▶ Task instructions
The exercise calls for the lines from the one containing "An original, hand" to the end of the data below to be output exactly, pictures excluded.
------------------------------
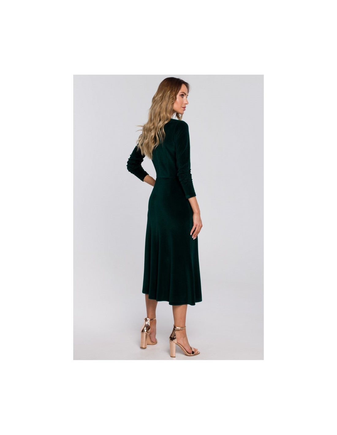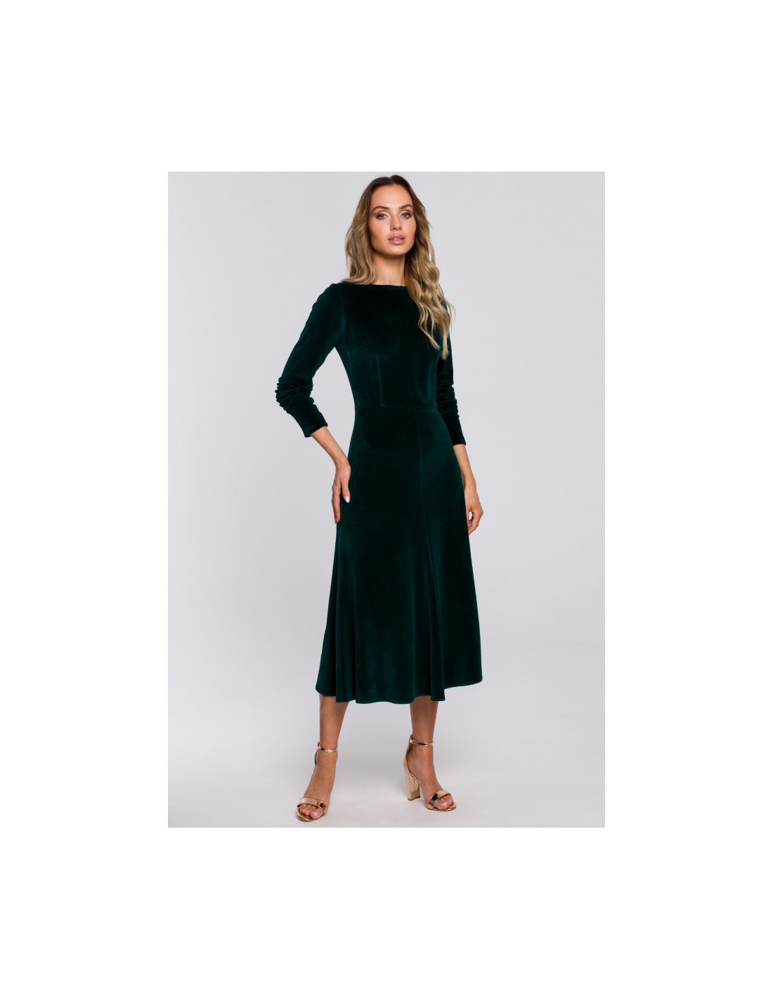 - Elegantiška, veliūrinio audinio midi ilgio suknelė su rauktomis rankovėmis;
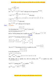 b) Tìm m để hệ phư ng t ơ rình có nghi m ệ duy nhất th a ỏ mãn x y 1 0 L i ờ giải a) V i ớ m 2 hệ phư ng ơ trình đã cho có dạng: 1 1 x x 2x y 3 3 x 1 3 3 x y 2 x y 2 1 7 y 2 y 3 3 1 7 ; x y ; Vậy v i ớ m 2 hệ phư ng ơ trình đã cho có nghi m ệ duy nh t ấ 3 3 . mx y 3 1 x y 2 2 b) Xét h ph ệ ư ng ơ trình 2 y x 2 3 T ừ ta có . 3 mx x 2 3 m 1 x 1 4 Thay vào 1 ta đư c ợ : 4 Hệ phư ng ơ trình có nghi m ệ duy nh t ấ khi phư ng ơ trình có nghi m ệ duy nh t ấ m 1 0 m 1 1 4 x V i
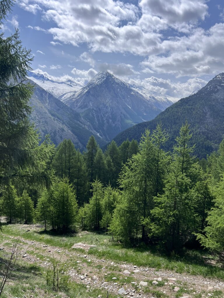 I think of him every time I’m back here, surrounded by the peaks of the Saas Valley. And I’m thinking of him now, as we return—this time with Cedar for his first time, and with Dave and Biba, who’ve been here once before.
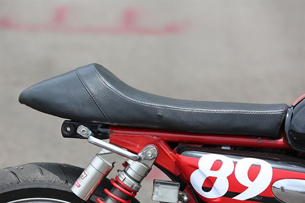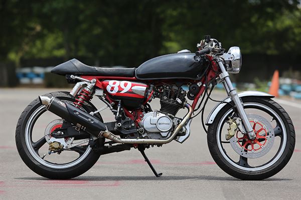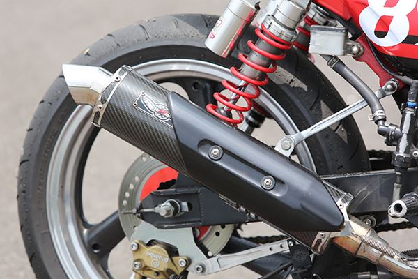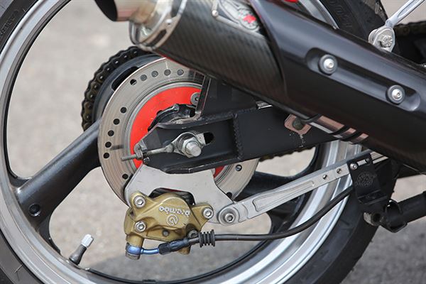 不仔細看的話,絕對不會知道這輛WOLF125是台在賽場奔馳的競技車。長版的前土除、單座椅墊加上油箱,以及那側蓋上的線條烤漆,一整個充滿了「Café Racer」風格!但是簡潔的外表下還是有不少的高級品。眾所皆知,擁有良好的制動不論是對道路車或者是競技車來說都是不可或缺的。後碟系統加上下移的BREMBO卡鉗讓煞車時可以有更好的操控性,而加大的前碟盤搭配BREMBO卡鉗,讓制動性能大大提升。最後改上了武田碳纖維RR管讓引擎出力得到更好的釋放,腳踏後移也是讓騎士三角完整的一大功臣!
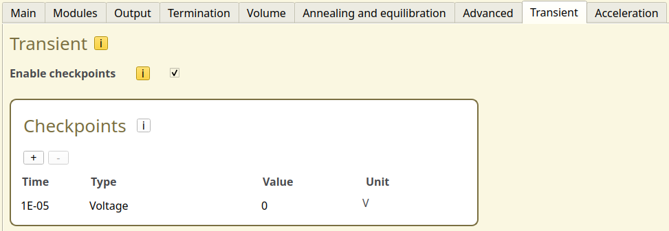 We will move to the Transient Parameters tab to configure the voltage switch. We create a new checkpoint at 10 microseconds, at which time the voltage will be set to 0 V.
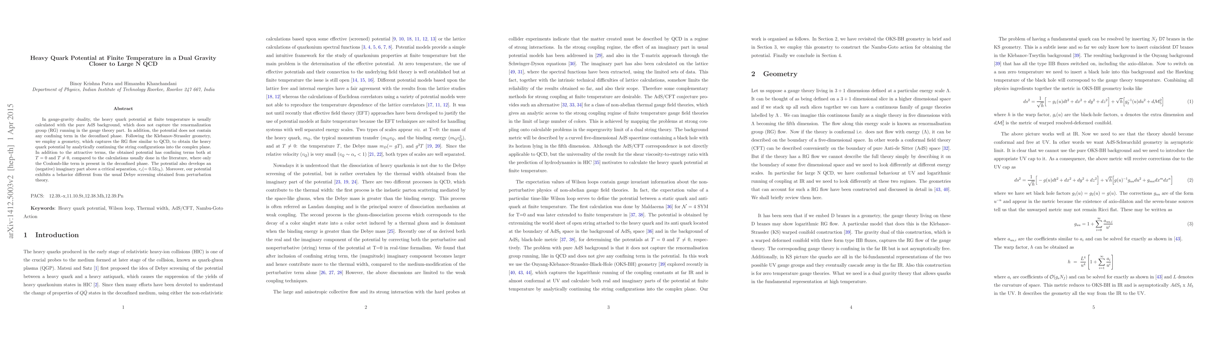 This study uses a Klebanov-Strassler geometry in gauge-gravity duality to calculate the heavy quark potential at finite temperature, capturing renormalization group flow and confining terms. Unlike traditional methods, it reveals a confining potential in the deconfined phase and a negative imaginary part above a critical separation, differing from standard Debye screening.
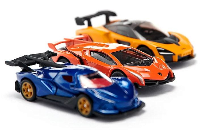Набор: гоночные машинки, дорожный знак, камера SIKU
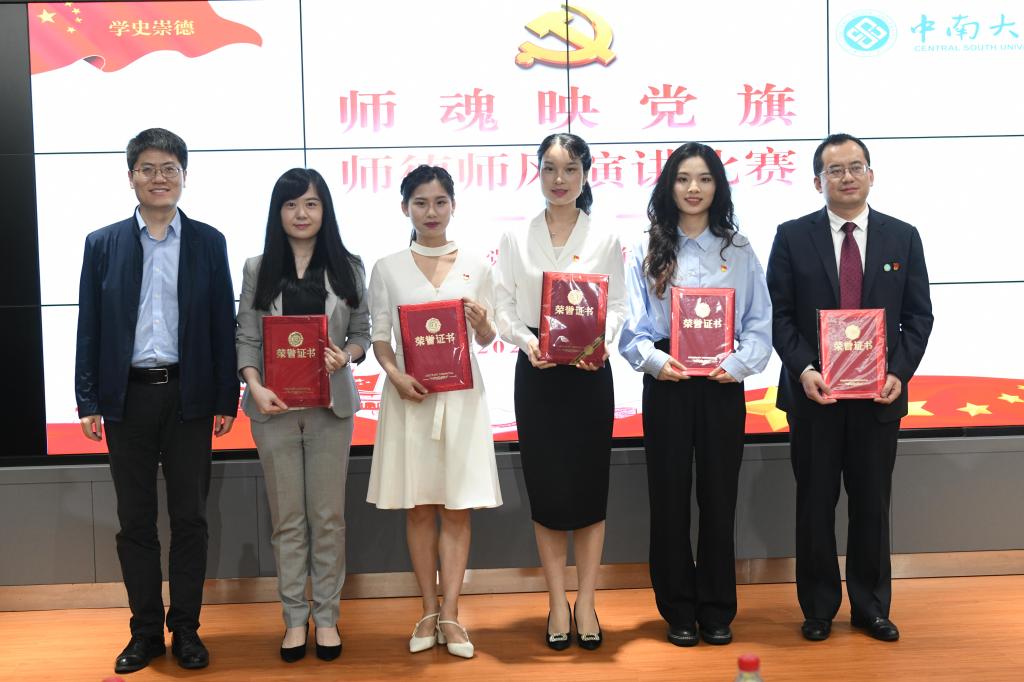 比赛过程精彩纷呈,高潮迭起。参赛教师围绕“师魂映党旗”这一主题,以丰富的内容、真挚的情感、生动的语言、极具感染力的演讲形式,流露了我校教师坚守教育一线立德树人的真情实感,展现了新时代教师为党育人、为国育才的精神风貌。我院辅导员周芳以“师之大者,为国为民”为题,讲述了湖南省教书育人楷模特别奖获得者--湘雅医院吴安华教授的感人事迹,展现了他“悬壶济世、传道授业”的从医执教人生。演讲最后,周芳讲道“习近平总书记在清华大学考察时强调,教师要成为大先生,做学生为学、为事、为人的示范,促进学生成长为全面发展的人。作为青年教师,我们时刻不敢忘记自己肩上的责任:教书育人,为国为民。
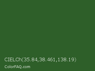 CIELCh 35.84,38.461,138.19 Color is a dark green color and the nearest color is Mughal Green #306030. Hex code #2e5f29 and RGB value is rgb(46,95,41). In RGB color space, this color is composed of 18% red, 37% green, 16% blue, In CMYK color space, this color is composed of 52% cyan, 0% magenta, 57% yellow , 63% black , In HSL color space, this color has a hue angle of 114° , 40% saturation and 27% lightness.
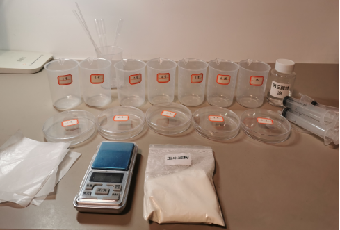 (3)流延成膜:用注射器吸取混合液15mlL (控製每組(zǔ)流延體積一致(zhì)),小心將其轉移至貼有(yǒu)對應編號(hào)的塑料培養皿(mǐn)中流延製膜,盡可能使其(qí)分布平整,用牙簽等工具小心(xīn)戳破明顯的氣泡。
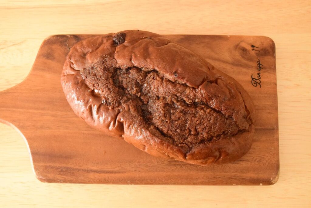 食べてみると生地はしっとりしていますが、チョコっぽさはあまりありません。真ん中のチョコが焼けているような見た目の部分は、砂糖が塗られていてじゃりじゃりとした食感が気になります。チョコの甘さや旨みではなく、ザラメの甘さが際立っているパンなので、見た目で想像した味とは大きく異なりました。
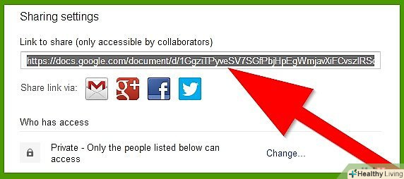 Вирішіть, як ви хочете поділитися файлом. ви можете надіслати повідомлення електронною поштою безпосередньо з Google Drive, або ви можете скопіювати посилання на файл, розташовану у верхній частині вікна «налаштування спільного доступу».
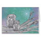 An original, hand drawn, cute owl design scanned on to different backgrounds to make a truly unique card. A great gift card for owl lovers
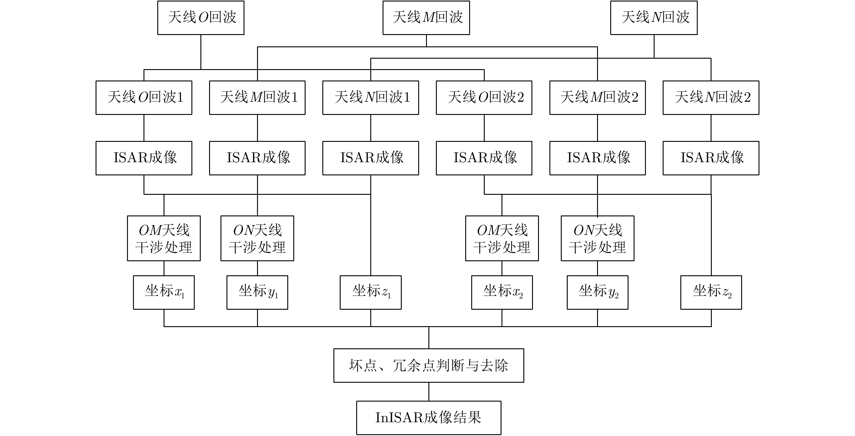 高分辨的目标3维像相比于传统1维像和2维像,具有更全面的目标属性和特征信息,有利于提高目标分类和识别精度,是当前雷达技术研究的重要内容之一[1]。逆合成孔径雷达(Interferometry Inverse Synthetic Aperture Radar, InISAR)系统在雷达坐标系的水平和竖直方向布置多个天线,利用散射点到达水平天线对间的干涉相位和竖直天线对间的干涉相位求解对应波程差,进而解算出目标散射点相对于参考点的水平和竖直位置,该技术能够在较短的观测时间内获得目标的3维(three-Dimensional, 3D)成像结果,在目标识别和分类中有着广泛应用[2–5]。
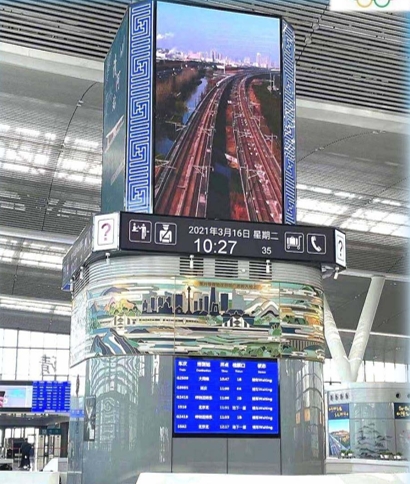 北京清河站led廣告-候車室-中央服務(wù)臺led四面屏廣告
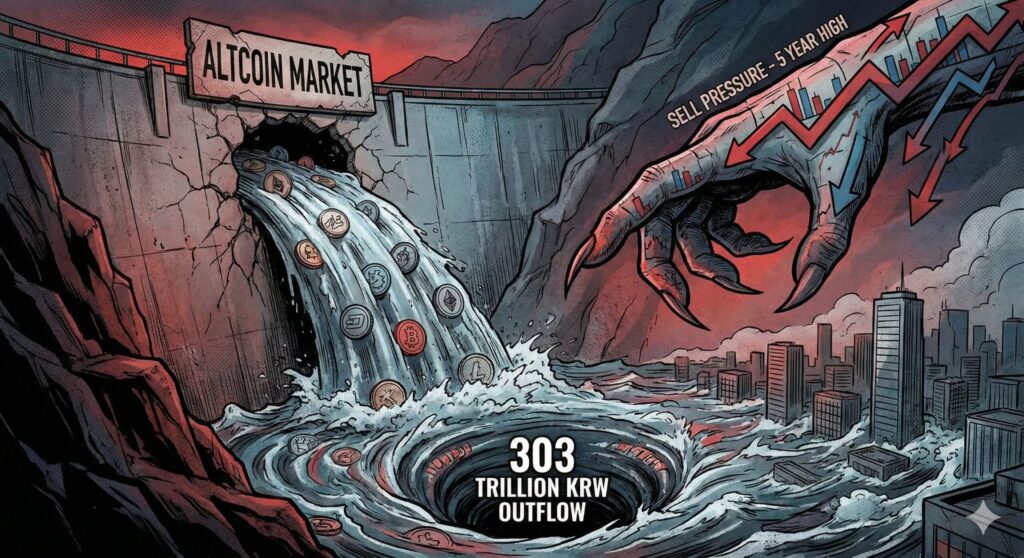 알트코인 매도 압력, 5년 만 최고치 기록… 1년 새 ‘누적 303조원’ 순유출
------------------------------
▶ Exercise result
 An original, hand drawn, cute owl design scanned on to different backgrounds to make a truly unique card. A great gift card for owl lovers
 高分辨的目标3维像相比于传统1维像和2维像,具有更全面的目标属性和特征信息,有利于提高目标分类和识别精度,是当前雷达技术研究的重要内容之一[1]。逆合成孔径雷达(Interferometry Inverse Synthetic Aperture Radar, InISAR)系统在雷达坐标系的水平和竖直方向布置多个天线,利用散射点到达水平天线对间的干涉相位和竖直天线对间的干涉相位求解对应波程差,进而解算出目标散射点相对于参考点的水平和竖直位置,该技术能够在较短的观测时间内获得目标的3维(three-Dimensional, 3D)成像结果,在目标识别和分类中有着广泛应用[2–5]。
 北京清河站led廣告-候車室-中央服務(wù)臺led四面屏廣告
 알트코인 매도 압력, 5년 만 최고치 기록… 1년 새 ‘누적 303조원’ 순유출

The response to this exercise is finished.